For each Measurement Period, the Committee will choose, in its sole discretion, the Executive Officers who will participate in the Plan. No employee shall have any right to be selected to participate in this Plan. Nothing in this Plan shall be construed as precluding or prohibiting an employee from being eligible to participate in any other bonus or compensation arrangement of the Company, whether or not currently established. Inclusion as a Participant in the Plan for any Measurement Period does not guarantee that such Participant will be included as a Participant in the Plan for any future Measurement Period, nor does it guarantee that such Participant will receive any amount in payment of an Award.

4.
Business Criteria on Which Performance Goals Shall be Based.

Awards under the Plan shall be based on the attainment of Performance Goals for the specified Measurement Period. Any Performance Goal applicable to an Award intended to qualify as a Qualified Performance-Based Award shall be limited to specified levels of one or more of the following objective business criteria, or any combination or portion thereof:

Gross and/or net revenue (including whether in the aggregate or attributable to specific products)

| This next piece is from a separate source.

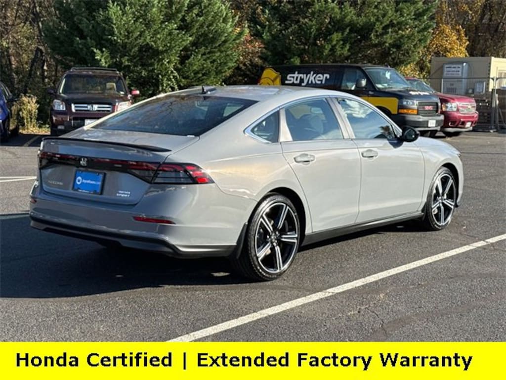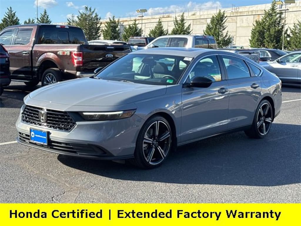 Clean CARFAX. Certified. Urban Gray Pearl 2025 Honda Accord Hybrid Sport ***ONE OWNER***, ***LOW MILES***, ***DEALER MAINTAINED***, ***EXCELLENT CONDITION***, ***HONDA CERTIFIED***, ***ADAPTIVE CRUISE CONTROL***, ***ALLOY WHEELS***, ***BACK UP CAMERA***, ***BLIND SIDE MONITORING***, ***FORWARD COLLISION ALERT***, ***LANE DEPARTURE WARNING***, ***POWER MOONROOF***, ***POWER SEAT***, ***REMOTE START***, HondaTrue Certified Certified, 2.0L I4 DOHC 16V, 4-Wheel Disc Brakes, 8 Speakers, ABS brakes, Adaptive Cruise Control: Adaptive Cruise Control (ACC) with Low-Speed Follow, Air Conditioning, Alloy wheels, AM/FM radio, Apple CarPlay/Android Auto, Auto High-beam Headlights, Automatic temperature control, Blind Spot Information (BSI) System warning, Brake assist, Bumpers: body-color, Compass, Delay-off headlights, Driver door bin, Driver vanity mirror, Dual front impact airbags, Dual front side impact airbags, Electronic Stability Control, Emergency communication system: HondaLink, Exterior Parking Camera Rear, Fabric Seat Trim, Four wheel independent suspension, Front anti-roll bar, Front Bucket Seats, Front Center Armrest, Front dual zone A/C, Front reading lights, Fully automatic headlights, Heated Front Bucket Seats, Heated front seats, Illuminated entry, Knee airbag, Lane departure: Lane Keeping Assist System (LKAS) active, Leather Shift Knob, Leather steering wheel, Low tire pressure warning, Occupant sensing airbag, Outside temperature display, Overhead airbag, Overhead console, Panic alarm, Passenger door bin, Passenger vanity mirror, Power door mirrors, Power driver seat, Power moonroof, Power steering, Power windows, Radio data system, Radio: 180-Watt Audio System, Rear anti-roll bar, Rear reading lights, Rear seat center armrest, Rear side impact airbag, Rear window defroster, Remote keyless entry, Security system, Speed control, Speed-sensing steering, Speed-Sensitive Wipers, Split folding rear seat, Spoiler, Steering wheel mounted audio controls, Telescoping steering wheel, Tilt steering wheel, Traction control, Trip computer, Variably intermittent wipers, Wheels: 19 x 8.5J Berlina Black, 2.0L I4 DOHC 16V.

Cost of Goods Sold and Gross Margin

Costs and expenses, including Research & Development and Selling, General & Administrative

Income (gross, operating, net, etc.)

Earnings, including before interest, taxes, depreciation and amortization (whether in the aggregate or on a per share basis

Cash flows and share price

Return on investment, capital, equity, assets

Manufacturing efficiency (including yield enhancement and cycle time reductions), quality improvements and customer satisfaction

Product life cycle management (including product and technology design, development, transfer, manufacturing introduction, and sales price optimization and management)

Economic profit or loss

Market share

Employee retention, compensation, training and development, including succession planning

Results of customer satisfaction surveys, questionnaires or other measures of customer satisfaction or performance to customer

Objective goals consistent with the Participant’s specific officer duties and responsibilities, designed to further the financial, operational and other business interests of the Company, including goals and objectives with respect to regulatory compliance matters.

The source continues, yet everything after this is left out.